The relationship between EEG complexity (i.e., MSE) and more traditional EEG power by frequency analysis merits further study. EEG frequency bands do not map linearly to MSE scales although higher frequency information corresponds to shorter scales, while lower frequency information corresponds to longer scales (Takahashi et al., 2009). Thus, while higher intraoperative MSE values at longer scales may roughly reflect the tendency toward higher frontal power in lower EEG frequency bands (e.g., delta, alpha) during anesthesia (Purdon et al., 2013, 2015), greater MSE values reflect higher complexity/entropy, not necessarily higher power (i.e., a large but very regular low-frequency wave could have high power but rather low complexity). Thus, these MSE patterns may reflect important additional neurophysiologic processes not measured by traditional EEG power measures.

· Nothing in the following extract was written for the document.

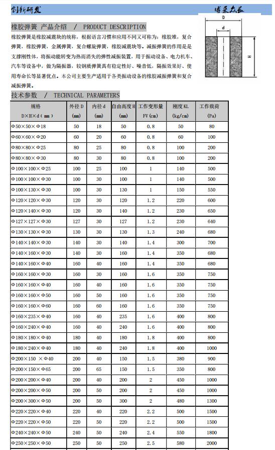 本网页所展示的有关【创博 橡胶弹簧 DN120x120xDN30橡胶弹簧价格 振动筛减震橡胶弹簧厂家价格_压缩弹簧_新乡市创博机械设备有限公司】的信息/图片/参数等由弹簧网的会员【新乡市创博机械设备有限公司】提供,由弹簧网会员【新乡市创博机械设备有限公司】自行对信息/图片/参数等的真实性、准确性和合法性负责,本平台(本网站)仅提供展示服务,请谨慎交易,因交易而产生的法律关系及法律纠纷由您自行协商解决,本平台(本网站)对此不承担任何责任。您在本网页可以浏览【创博 橡胶弹簧 DN120x120xDN30橡胶弹簧价格 振动筛减震橡胶弹簧厂家价格_压缩弹簧_新乡市创博机械设备有限公司】有关的信息/图片/价格等及提供【创博 橡胶弹簧 DN120x120xDN30橡胶弹簧价格 振动筛减震橡胶弹簧厂家价格_压缩弹簧_新乡市创博机械设备有限公司】的商家公司简介、联系方式等信息。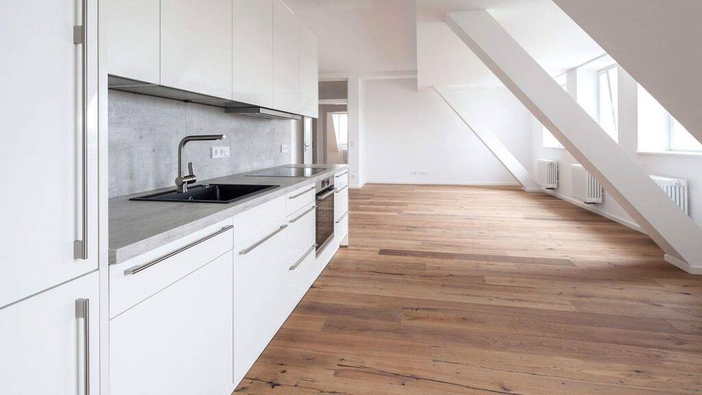 Der offene Wohn- und Kochbereich mit moderner, heller Einbauküche und angrenzender Speis bildet das Herzstück der Wohnung. Die Südausrichtung sorgt für ein außergewöhnlich helles Wohngefühl und einen freien Blick in die Ferne.

Beyond applying entropy-based analysis to both preoperative and intraoperative EEG, we characterized the “crossover” phenomenon and evaluated its relationship with delirium and inattention. Subjects whose MSE curves intersected at short scales, i.e., with fewer scales at which intraoperative entropy was lower than pre-operative entropy, tended to have worse delirium/inattention although these results narrowly missed statistical significance at α = 0.05. A few participants had multiple MSE “crossovers.” While our data do not provide an obvious explanation for how these individuals differed from the rest, the presence of multiple crossover points literally means that there were multiple temporal scales in which that patient’s EEG complexity was the same in the awake and anesthetized states. Those who had multiple “crossover” points tended to undergo sedation without intubation/general anesthesia (2 of 8 subjects, compared to no subjects in the single crossover group) or to have undergone orthopedic surgery (3/8 of the multiple crossover group compared with 6/42 in the single crossover group). We hypothesize that those with multiple crossover points have more similar neurophysiological complexity in the anesthetized and awake state, which could occur if the patient was lightly anesthetized. This should be explored in future work with more homogeneity in anesthetic and surgical exposures.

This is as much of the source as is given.